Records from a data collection
★ ★ ★ ★ ★

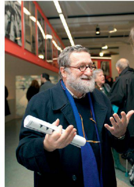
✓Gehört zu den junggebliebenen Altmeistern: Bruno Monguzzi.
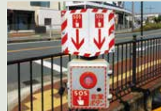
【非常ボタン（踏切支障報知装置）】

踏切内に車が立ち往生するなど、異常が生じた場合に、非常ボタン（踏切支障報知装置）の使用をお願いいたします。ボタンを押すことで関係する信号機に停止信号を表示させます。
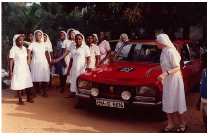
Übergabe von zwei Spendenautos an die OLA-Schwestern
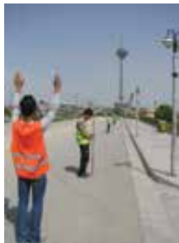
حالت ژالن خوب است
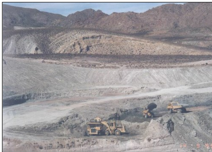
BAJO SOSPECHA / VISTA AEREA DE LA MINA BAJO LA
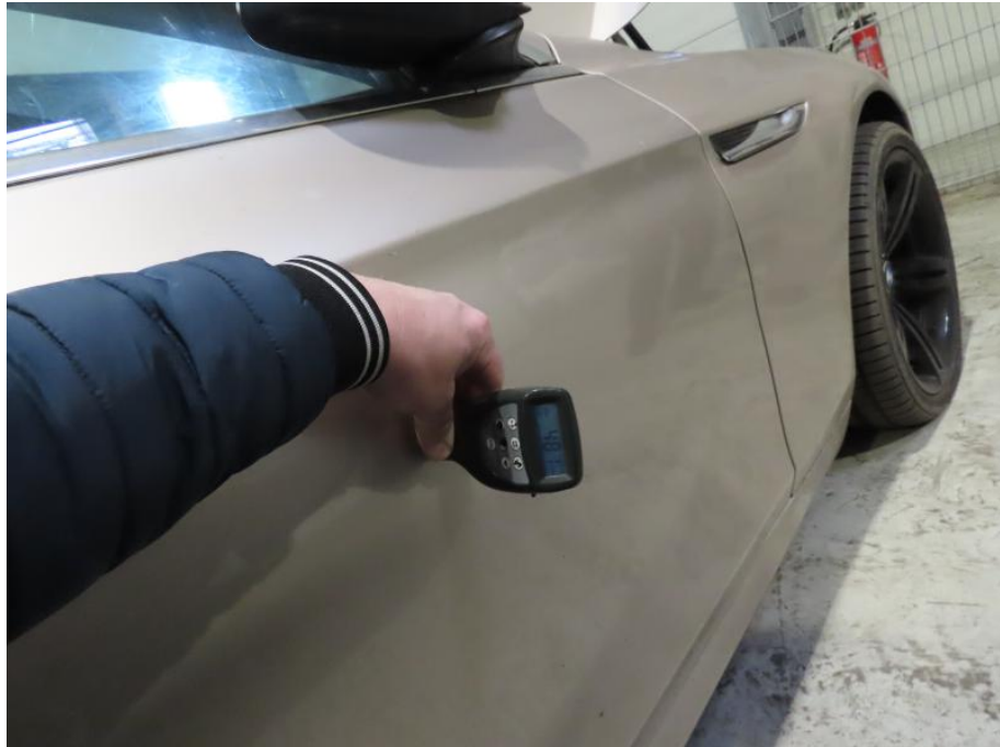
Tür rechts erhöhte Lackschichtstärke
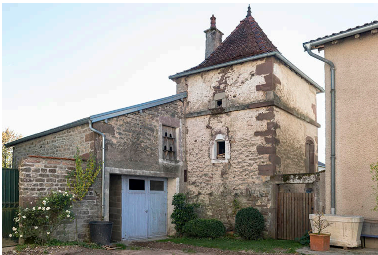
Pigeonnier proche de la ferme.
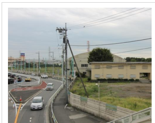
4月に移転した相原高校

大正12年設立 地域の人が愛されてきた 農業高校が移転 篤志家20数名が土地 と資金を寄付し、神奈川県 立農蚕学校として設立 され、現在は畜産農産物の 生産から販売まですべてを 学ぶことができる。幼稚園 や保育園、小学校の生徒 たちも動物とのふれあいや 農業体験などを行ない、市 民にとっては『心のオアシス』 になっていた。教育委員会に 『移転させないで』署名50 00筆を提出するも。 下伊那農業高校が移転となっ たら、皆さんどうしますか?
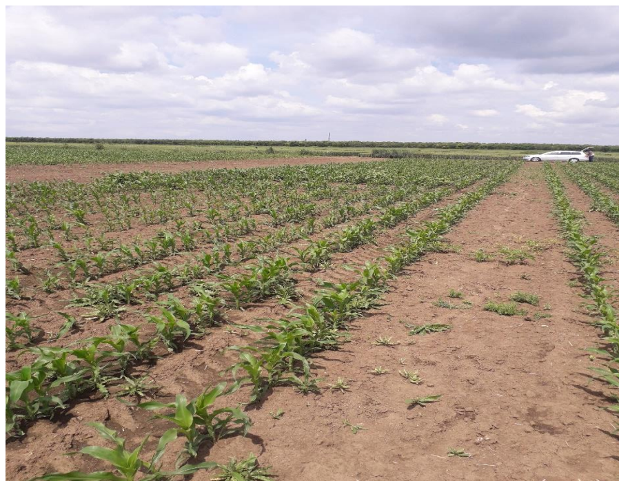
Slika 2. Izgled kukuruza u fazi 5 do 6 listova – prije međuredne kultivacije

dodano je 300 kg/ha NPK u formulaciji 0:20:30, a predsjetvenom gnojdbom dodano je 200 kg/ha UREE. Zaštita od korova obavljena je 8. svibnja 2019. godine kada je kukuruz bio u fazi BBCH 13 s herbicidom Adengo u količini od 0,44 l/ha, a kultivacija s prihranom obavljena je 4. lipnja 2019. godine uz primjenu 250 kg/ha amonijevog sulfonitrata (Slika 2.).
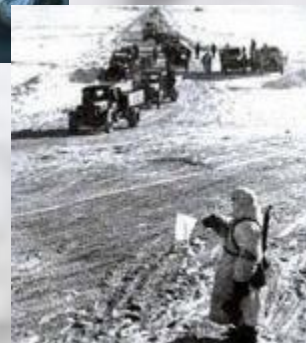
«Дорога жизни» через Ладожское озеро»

★ ★ ★ ★ ★

Retype the entries exactly, skipping every picture.

✓Gehört zu den junggebliebenen Altmeistern: Bruno Monguzzi.
【非常ボタン（踏切支障報知装置）】

踏切内に車が立ち往生するなど、異常が生じた場合に、非常ボタン（踏切支障報知装置）の使用をお願いいたします。ボタンを押すことで関係する信号機に停止信号を表示させます。
Übergabe von zwei Spendenautos an die OLA-Schwestern
حالت ژالن خوب است
BAJO SOSPECHA / VISTA AEREA DE LA MINA BAJO LA
Tür rechts erhöhte Lackschichtstärke
Pigeonnier proche de la ferme.
4月に移転した相原高校

大正12年設立 地域の人が愛されてきた 農業高校が移転 篤志家20数名が土地 と資金を寄付し、神奈川県 立農蚕学校として設立 され、現在は畜産農産物の 生産から販売まですべてを 学ぶことができる。幼稚園 や保育園、小学校の生徒 たちも動物とのふれあいや 農業体験などを行ない、市 民にとっては『心のオアシス』 になっていた。教育委員会に 『移転させないで』署名50 00筆を提出するも。 下伊那農業高校が移転となっ たら、皆さんどうしますか?
Slika 2. Izgled kukuruza u fazi 5 do 6 listova – prije međuredne kultivacije

dodano je 300 kg/ha NPK u formulaciji 0:20:30, a predsjetvenom gnojdbom dodano je 200 kg/ha UREE. Zaštita od korova obavljena je 8. svibnja 2019. godine kada je kukuruz bio u fazi BBCH 13 s herbicidom Adengo u količini od 0,44 l/ha, a kultivacija s prihranom obavljena je 4. lipnja 2019. godine uz primjenu 250 kg/ha amonijevog sulfonitrata (Slika 2.).
«Дорога жизни» через Ладожское озеро»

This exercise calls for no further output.